Maundy Thursday

Today is Maundy Thursday. The word is a middle-English word meaning “commandment.” World Wide Words says, “In Latin “new commandment” is mandatum novum (the first word is also the origin of mandate); on Maundy Thursday in Roman Catholic churches the anthem Mandatum novum do vobis (“a new commandment I give to you”, the start of verse 13:34 in St John’s gospel) would be sung, in particular following the royal ceremony of washing feet and giving alms. As a result, the ceremony became known as mandatum. The Old French version of that word is mandé and over time it became corrupted into maundy.”1 There was a tradition in England until James II that the monarch washed the feet of the poor on this day. Now ceremonial coins are given by the monarch instead.

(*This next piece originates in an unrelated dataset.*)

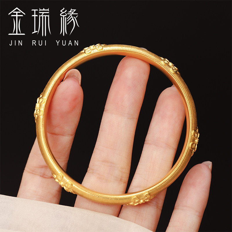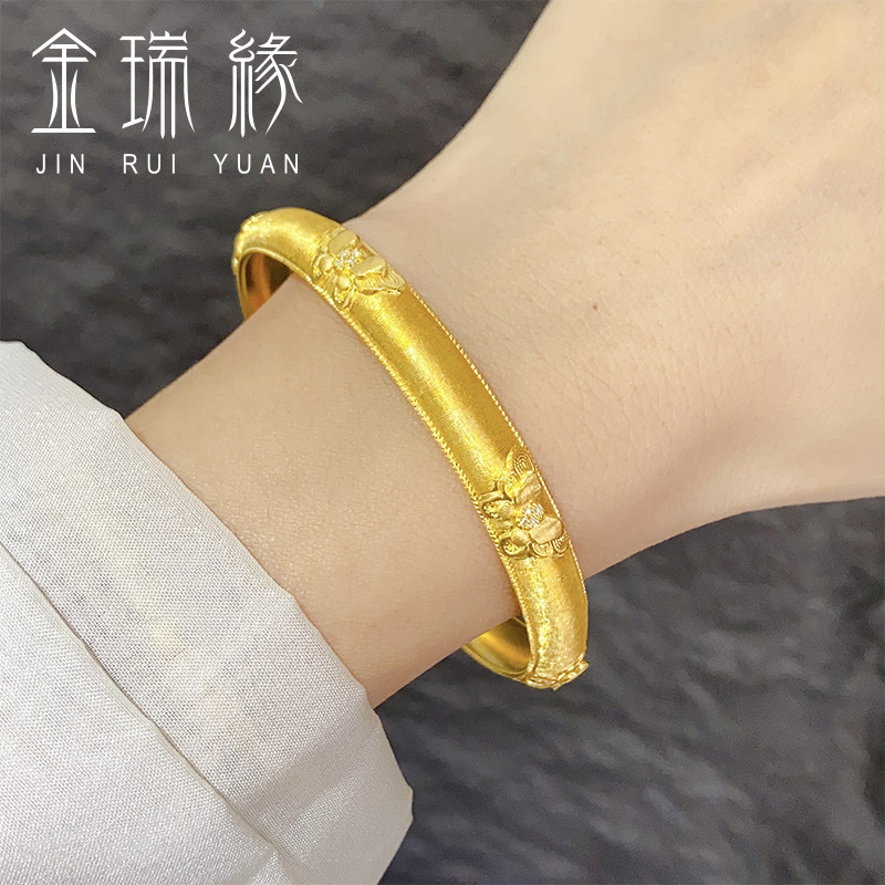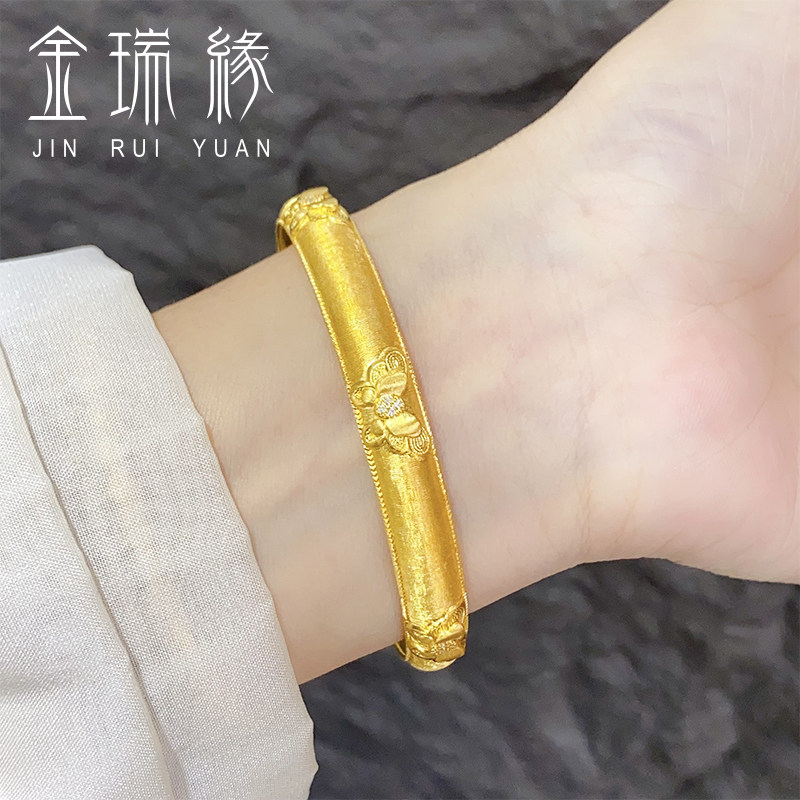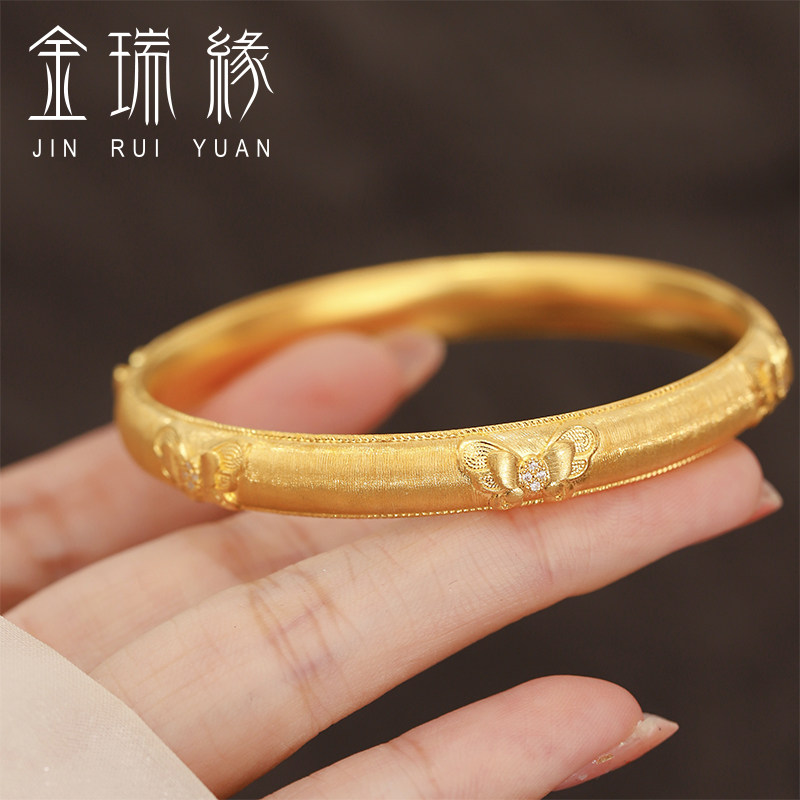 黄金拉丝蝴蝶手镯女款999足金镶嵌莫桑钻实心镯子纯金送老婆礼物

The new commandment that Jesus gave was to love one another, symbolized in the washing of feet. Feet in Jesus’ day were not protected from the elements in fancy Oxfords or even Nike’s. The roads did not have “Do Not Litter” signs along them and nobody picked up after their dogs. Sandaled feet tended to be—dirty. Washing them was a profound act of service and welcome, something normally done by a household slave. Now the Master kneels to wash feet.

I am no monarch, but today I will be down the street at “The Hub” offering to wash anyone’s feet (or hands) that would like me to. I offer it as a symbol of our commitment to Jesus’ new commandment to love as he loved—to “wash the feet” of the world.